- **ABOUT THIS TASK**: Reproduce exactly the first line of the material below and every line after it, ending with the line that contains "- Spiegel in". No pictures should be copied.

- **INFORMATION SUPPLIED**:
»»
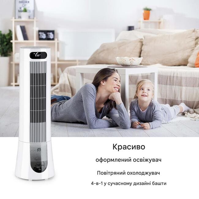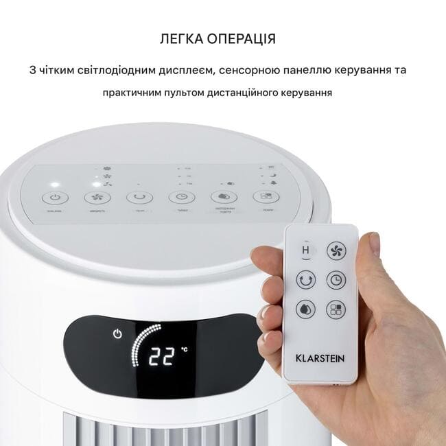 Чотирикратне освіження: повітроохолоджувач Klarstein Skyscraper Frost забезпечує вас прохолодним бризом як вентилятор, охолоджувач повітря, очищувач повітря та зволожувач.
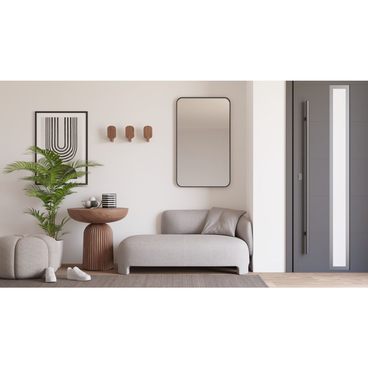 - Spiegel in einem schwarzen Rahmen aus gebürstetem Aluminium
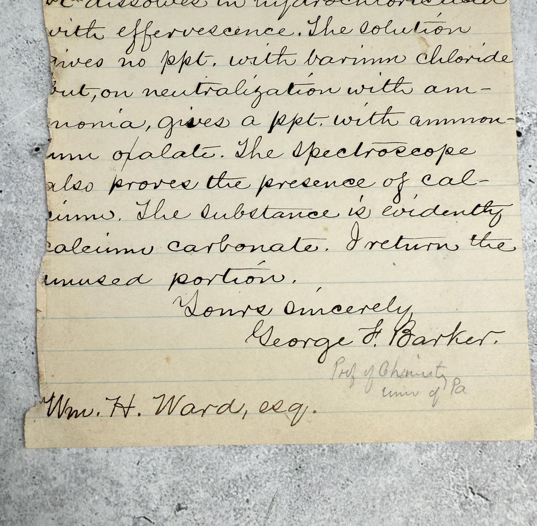 George Frederick Barker (July 14, 1835, in Charlestown, Massachusetts– May 24, 1910) was an American physician and scientist. He graduated from the Yale Scientific School in 1858. He was successively chemical assistant in Harvard Medical School in 1858–1859 and 1860–1861, professor of chemistry and geology in Wheaton (Ill.) College. In 1864 he became the Professor of Natural Science at the Western University of Pennsylvania, now known as the University of Pittsburgh, where he undertook experiments to produce electric light by passing the current through a resisting filament which he claimed was "the first steady electric light generated in Pittsburgh, if not in the country". He subsequently went to Yale as a professor of physiological chemistry and toxicology, and later was a professor of physics at the University of Pennsylvania, in 1879–1900, when he became emeritus professor. He served as president of the American Association for the Advancement of Science in 1879; president of the American Chemical Society; vice-president of the American Philosophical Society (elected 1873) for 10 years; a member of the United States Electrical Commission; and for several years an associate editor of the American Journal of Science. He lectured in many cities and wrote a Text-Book of Elementary Chemistry (1870); a Physics (1892); and more. In a history of the University of Pennsylvania published upon its bicentennial in 1940, the historian Edward Potts Cheyney recalled the piecemeal entry of women into the university, initially as auditors only, and noted, as Cheyney himself witnessed, that "in the lectures on physics in 1881 two young women sat meekly in a distant corner while Professor Barker was describing the new inventions of the electric light and telephone.
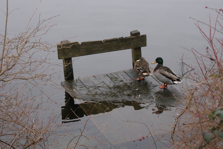 Wenn wir ans Ostufer kommen, können wir durch die Bäume zwei künstliche bewachsene Inseln im See erkennen. Es handelt sich hier um einen Versuch, etwas weiter weg vom beschattenden Ufer künstliche Schilfzonen im See einzurichten. So soll Vögeln, die im Schilf brüten, eine Brutmöglichkeit geschaffen werden.
««
- **YOUR SOLUTION**:
 Чотирикратне освіження: повітроохолоджувач Klarstein Skyscraper Frost забезпечує вас прохолодним бризом як вентилятор, охолоджувач повітря, очищувач повітря та зволожувач.
 - Spiegel in einem schwarzen Rahmen aus gebürstetem Aluminium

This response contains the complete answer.